> [What to produce]: Within the listing that follows, reproduce exactly the lines starting at the line with "El adaptador de" and ending at the line with "LOT 399. VINTAGE", inclusive, and only those. Pictures are dropped.

> [Material to process]:
================================

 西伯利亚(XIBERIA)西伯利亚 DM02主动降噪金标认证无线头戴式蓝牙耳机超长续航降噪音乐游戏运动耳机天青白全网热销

================================

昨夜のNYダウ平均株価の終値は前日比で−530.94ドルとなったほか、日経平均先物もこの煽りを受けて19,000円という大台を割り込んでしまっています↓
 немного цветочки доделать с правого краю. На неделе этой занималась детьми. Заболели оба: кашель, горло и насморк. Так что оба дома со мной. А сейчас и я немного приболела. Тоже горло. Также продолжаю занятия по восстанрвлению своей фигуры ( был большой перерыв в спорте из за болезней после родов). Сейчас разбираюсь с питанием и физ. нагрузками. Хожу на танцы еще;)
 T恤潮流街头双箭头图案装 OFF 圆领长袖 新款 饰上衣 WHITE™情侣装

================================

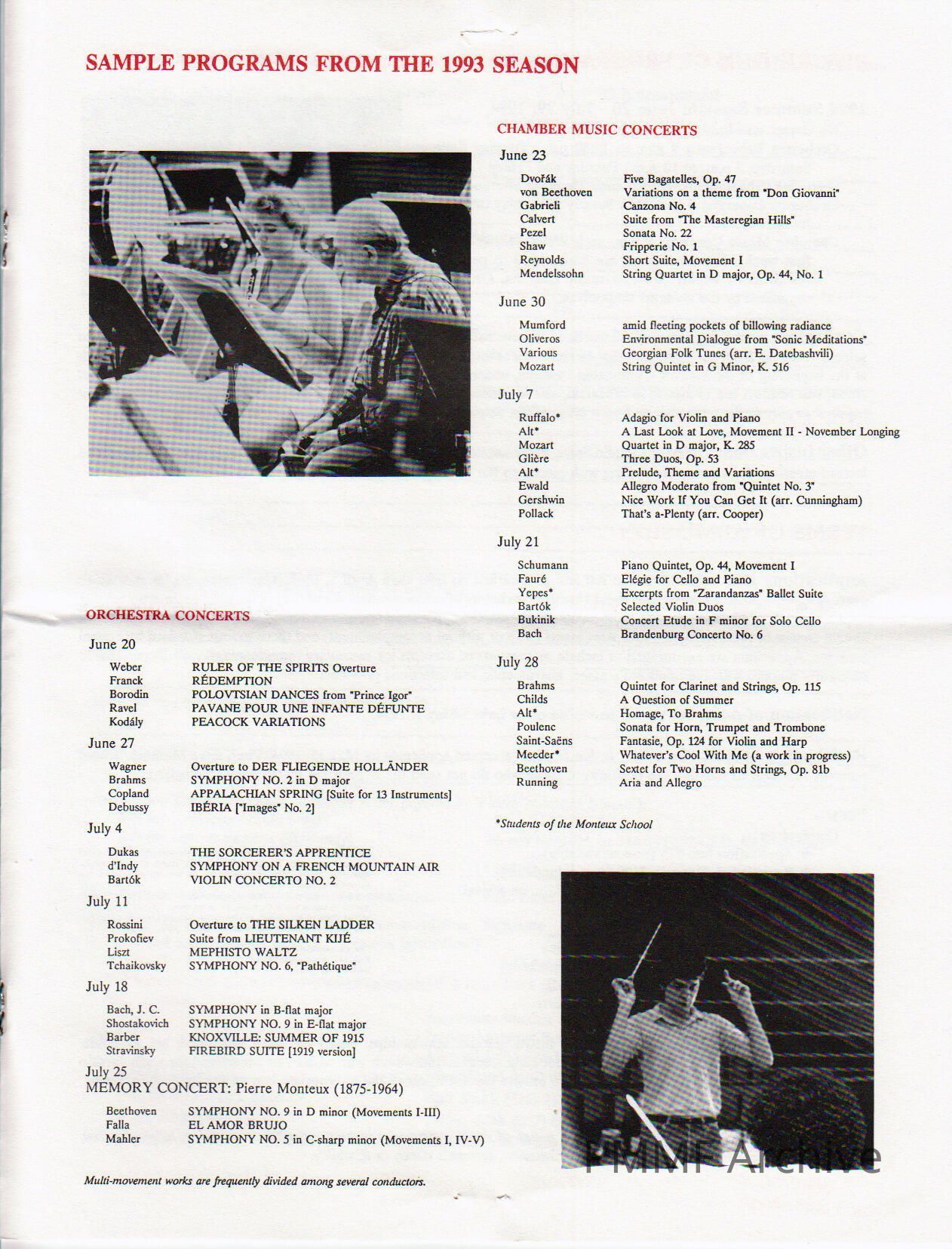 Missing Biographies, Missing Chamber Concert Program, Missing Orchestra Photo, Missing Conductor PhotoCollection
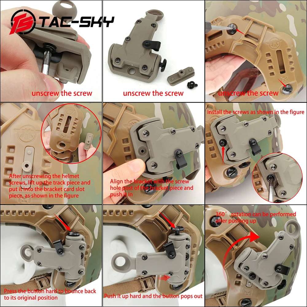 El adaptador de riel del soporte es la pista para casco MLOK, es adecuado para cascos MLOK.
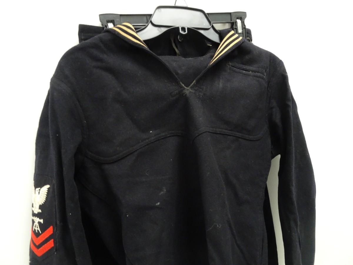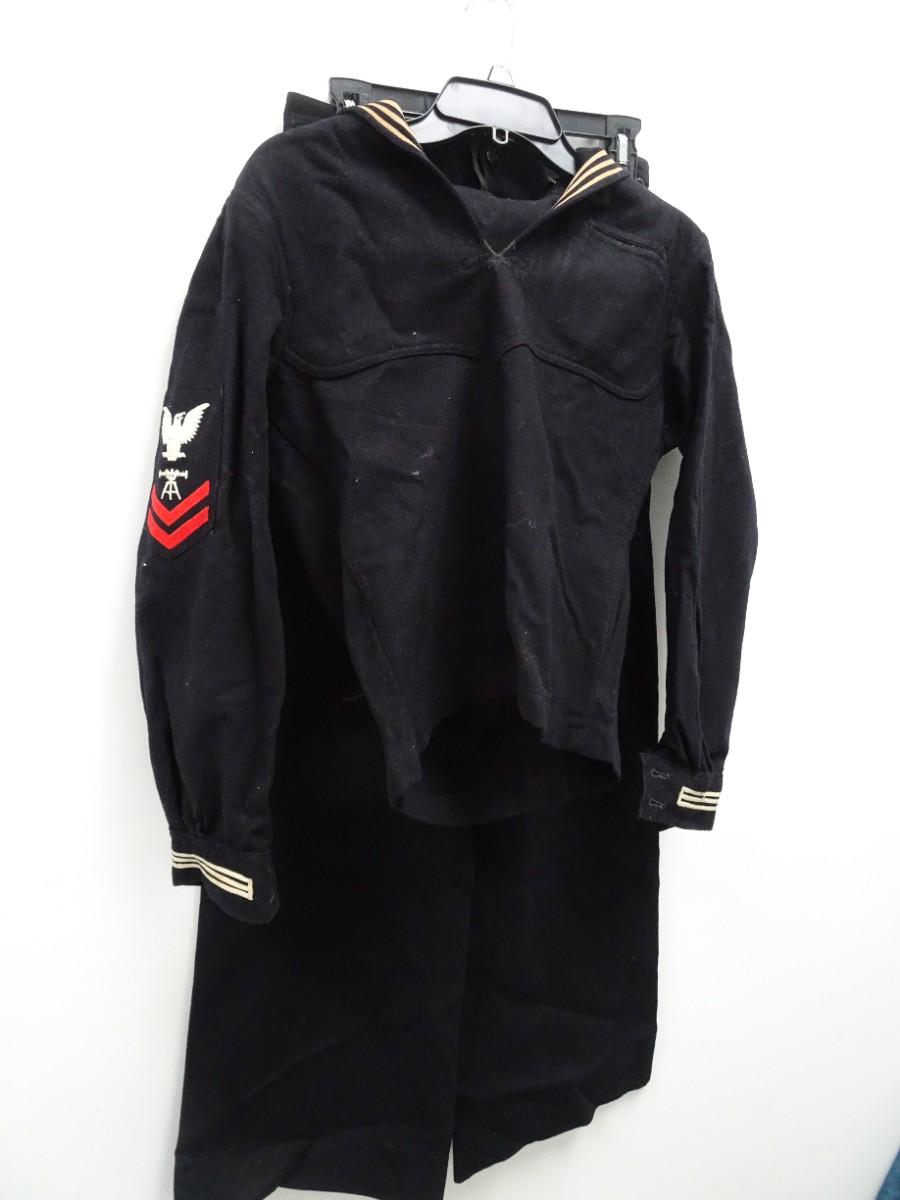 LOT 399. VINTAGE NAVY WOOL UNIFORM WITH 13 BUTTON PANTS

================================

> [Finished exercise]:
 El adaptador de riel del soporte es la pista para casco MLOK, es adecuado para cascos MLOK.
 LOT 399. VINTAGE NAVY WOOL UNIFORM WITH 13 BUTTON PANTS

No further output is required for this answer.